COVID-19 Analysis: Uncertainties

Learn how to analyse the COVID-19 data from JHU by yourself, with a proper treatment of the uncertainties.

In my previous post, COVID-19 Analysis, we have seen how to analyse the data provided by John Hopkins University with python. We have insisted on the technical aspects, such as data preprocessing with pandas and interactive visualization with holoviews, and we performed a simple exponential fit with scipy.optimize.

A caveat, however, is that we haven't considered uncertainties at all!

Here, you will learn:

  • What are uncertainties and why we need them
  • What is a covariance matrix
  • How to propagate the uncertainties from the covariance matrix to compute an uncertainty band

Data preparation

Again, we load and preprocess our dataset. Please refer to my first post on COVID-19 for more information.

In [1]:
import pandas as pd
datatemplate = 'csse_covid_19_data/csse_covid_19_time_series/time_series_19-covid-{}.csv'

fields = ['Confirmed', 'Deaths', 'Recovered']
dfs = dict()
for field in fields: 
    dfs[field] = pd.read_csv(datatemplate.format(field))
# loop on the dataframe dictionary
for field, df in dfs.items():
    # group by country, to sum on states
    df = df.groupby('Country/Region', as_index=False).sum()
    # turn each measurement column into a separate line, 
    # and store the results in a new dataframe
    df = df.melt(id_vars=['Country/Region', 'Lat', 'Long'],
    # keep track of the quantity that is measured 
    # either Confirmed, Deaths, or Recovered
    df['quantity'] = field
    # change column names 
    df.columns =  ['country', 'lat', 'lon', 'date', 'counts', 'quantity']
    # replace the dataframe in the dictionary
    dfs[field] = df
dfall = pd.concat(dfs.values())
dfall['date'] = pd.to_datetime(dfall['date'])

A Naive Fit

To get started, let's do a naive fit of the number of confirmed cases for France as a function of the number of days, as we did in the previous post.

  • import the necessary tools and create the exponential function for the fit:
In [2]:
import numpy as np
from scipy.optimize import curve_fit
import matplotlib.pyplot as plt

# exponential function for the fit
expo = lambda x, a, b : np.exp( a*(x-b) )
  • prepare the data points to be fitted.
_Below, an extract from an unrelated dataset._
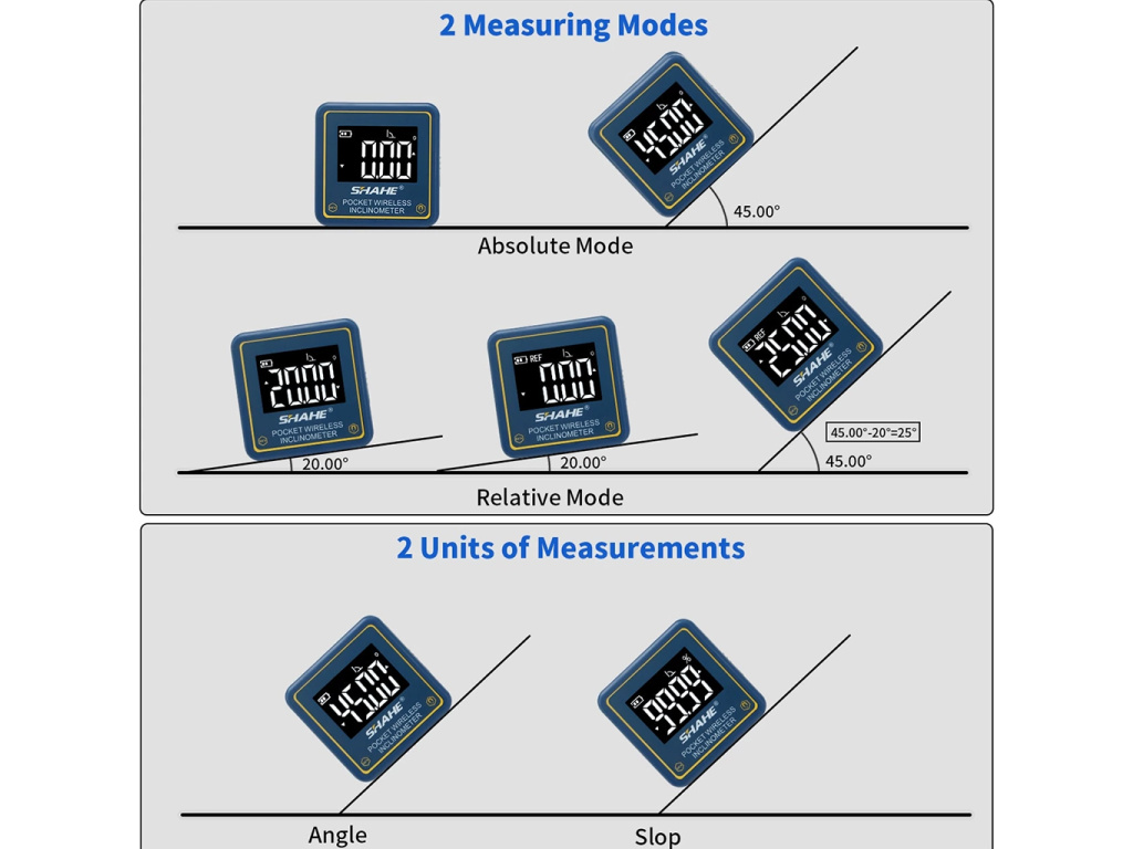 - Funkčnosť: Dva režimy merania (absolútny a relatívny uhol), fixácia aktuálnej hodnoty, automatické vypnutie, vstavané magnety pre upevnenie na kovových povrchoch.

We select the number of confirmed cases for France as y, and we prepare an array x ranging from 0 to the number of points in y:
In [3]:
# select confirmed cases for France
sel = dfall[(dfall['country']=='France') &

# y is the number of counts
yp = sel['counts']

# create x from 0 to number of points in yp
xp = np.arange(len(yp))

# fit the curve to get the parameters
pars, cov = curve_fit(expo, xp, yp) 
  • perform the fit to get the optimal parameters pars:
In [4]:
# fit the curve to get the parameters
pars, cov = curve_fit(expo, xp, yp) 
  • plot the points and the fitted exponential. Note that the exponential is plotted in the same x range, but with higher granularity for a smoother curve.
In [5]:
plt.scatter(xp, yp)
linx = np.linspace(0, xp.max(), 101)
f = expo(linx, *pars)
plt.plot(linx, f)
[<matplotlib.lines.Line2D at 0x11b645860>]
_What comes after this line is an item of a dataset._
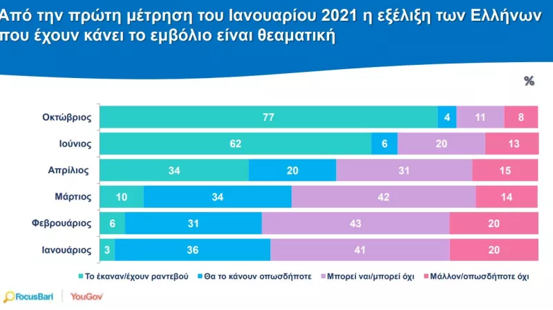Το ποσοστό των "αρνητών" εμφανίζει διαχρονική υποχώρηση από 20% κατά το δίμηνο Ιανουαρίου-Φεβρουαρίου 2021, σε 15% τον Απρίλιο, 13% τον Ιούνιο και 8% τον Οκτώβριο. Αντίστοιχα, έχει συρρικνωθεί το ποσοστό των διστακτικών από 43% τον Φεβρουάριο, σε 31% τον Απρίλιο, 20% τον Ιούνιο και 8% τον Οκτώβριο.

Now we can extrapolate the function by simply extending the x range before plotting the fitted function:

In [6]:
plt.scatter(xp, yp)
# extrapolate by 5 days:
linx = np.linspace(0, xp.max()+5, 101)
f = expo(linx, *pars)
plt.plot(linx, f)
[<matplotlib.lines.Line2D at 0x101e5f9630>]

And we can print the number of predicted cases:

In [7]:
print('expected number of cases at day {} : {}'.format(
    int(linx[-1]), int(f[-1])
expected number of cases at day 54 : 8868

Why do We Need Uncertainties ?

But there is a big issue with this fit and with this prediction of the number of cases in the future: we did not take uncertainties into account!

For instance, let's imagine that the uncertainty in my prediction at day 53 is 50%. Then, we approximately have a 32% chance for the actual number of confirmed case to be either larger than 10 500, or smaller than 3500...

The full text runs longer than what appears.